A lógica apresentada pelo executivo parte do uso de um registro comum, acessível aos participantes autorizados da operação.

Nesse ambiente, informações sobre pagamentos, registros, quitação de dívidas e transferência de recursos poderiam ser verificadas ao longo do processo sem que cada instituição precisasse repetir todas as conferências.

Machado deu como exemplo uma situação em que o imóvel ainda possui financiamento em outro banco.

Nesse caso, quando um novo comprador decide financiar a aquisição pela Caixa, outra instituição financeira precisa participar da operação para que a dívida anterior seja quitada.

“Eu ainda envolvo mais uma instituição financeira”, afirmou.

Segundo ele, a operação exige saber se o imposto foi pago, se a dívida anterior foi quitada e quanto do valor precisa ser destinado a cada participante antes da conclusão do financiamento.

É nesse tipo de cadeia que a blockchain no financiamento imobiliário poderia funcionar como infraestrutura para registros e validações compartilhadas.

Caixa tem 70% do mercado de habitação, diz executivo

Machado também usou a participação da Caixa no crédito habitacional para explicar por que o tema recebe atenção dentro da instituição.

Segundo o executivo, o banco possui cerca de 70% do mercado de habitação e responde por 84% da quantidade de operações.

Ele afirmou que a atuação da Caixa nas faixas de menor renda ajuda a explicar essa participação.

A escala do banco torna o financiamento imobiliário com blockchain um caso que, na avaliação de Machado, poderia ter impacto sobre uma cadeia que envolve diferentes agentes.

Entretanto, a tecnologia não aparece como o principal obstáculo apontado pelo executivo.

“Estamos falhando miseravelmente”, diz Machado

Para Machado, o problema está na capacidade do mercado de colocar os diferentes participantes em torno da mesma infraestrutura.

“Só que onde a gente está falhando, como mercado, miseravelmente, é que a gente não está conseguindo congregar todos esses atores”, afirmou.

O executivo citou instituições financeiras como um dos grupos que precisam participar dessa coordenação.

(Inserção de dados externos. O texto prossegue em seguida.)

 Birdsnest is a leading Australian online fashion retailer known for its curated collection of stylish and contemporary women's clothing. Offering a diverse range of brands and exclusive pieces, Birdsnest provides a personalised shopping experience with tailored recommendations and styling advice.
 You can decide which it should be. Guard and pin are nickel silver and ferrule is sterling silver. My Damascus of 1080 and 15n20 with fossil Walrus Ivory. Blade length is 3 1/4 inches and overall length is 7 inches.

Além delas, o processo imobiliário envolve registros públicos e outros participantes responsáveis por diferentes partes da operação.

“O problema que eu estou vendo é: estamos falhando, nós todos, mercado, em congregar esses atores e fazer entendimento”, disse.

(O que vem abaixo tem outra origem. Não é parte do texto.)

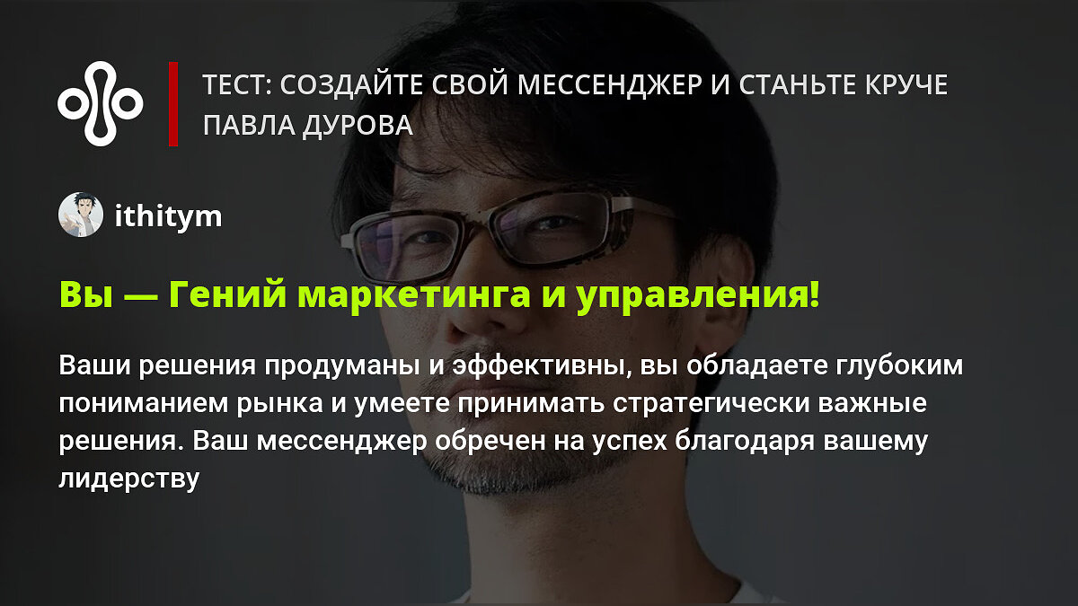 63 балла... Я, видимо, не так понял тест. Я думал, что чем больше, тем лучше...

Assim, para Machado, o avanço da blockchain no setor imobiliário depende menos de provar que a tecnologia funciona e mais de criar condições para que os participantes testem uma infraestrutura comum.

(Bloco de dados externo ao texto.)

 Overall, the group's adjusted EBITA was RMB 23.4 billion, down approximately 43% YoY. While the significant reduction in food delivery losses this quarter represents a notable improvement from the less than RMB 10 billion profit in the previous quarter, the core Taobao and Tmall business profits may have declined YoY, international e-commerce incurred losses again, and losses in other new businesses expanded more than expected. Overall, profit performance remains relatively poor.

Caixa e Banco do Brasil tentam aproximar participantes

Machado afirmou que ele e Stephano Cordeiro, do Banco do Brasil, participam de uma iniciativa para aproximar instituições e outros agentes envolvidos nesse processo.

O objetivo, segundo ele, é estimular um movimento que permita testar a aplicação da tecnologia.

“Os casos de uso são fáceis. O que a gente precisa avançar agora é como junta todo mundo para poder demonstrar”, afirmou.

A dificuldade está em migrar um sistema que já funciona para uma nova infraestrutura sem interromper operações existentes.

“Como a gente pega o negócio que funciona, roda, e convence todo mundo a migrar, ou pelo menos experimentar? É aqui que a gente está falhando”, disse.

“Se nascesse hoje, teria infraestrutura de blockchain”

Machado resumiu sua avaliação com uma comparação sobre como seria construído o financiamento imobiliário caso o produto fosse criado atualmente.

“Se fôssemos fazer o primeiro financiamento imobiliário hoje, passado o primeiro quarto do século 21, seguramente ele nasceria com infraestrutura de blockchain”, afirmou.

A declaração sintetiza a tese apresentada pelo executivo: o problema do setor não está na falta de um caso de uso para a tecnologia.

O desafio está em conectar os participantes que já fazem parte do processo e levá-los para uma infraestrutura compartilhada.

Nesse cenário, a blockchain no financiamento imobiliário pode deixar de ser apenas uma discussão sobre tokenização de imóveis e passar a atuar na própria estrutura que conecta bancos, registros, pagamentos e validações.

Para Machado, a tecnologia já oferece ferramentas para isso. O próximo passo depende da capacidade de o mercado coordenar quem precisa utilizá-las.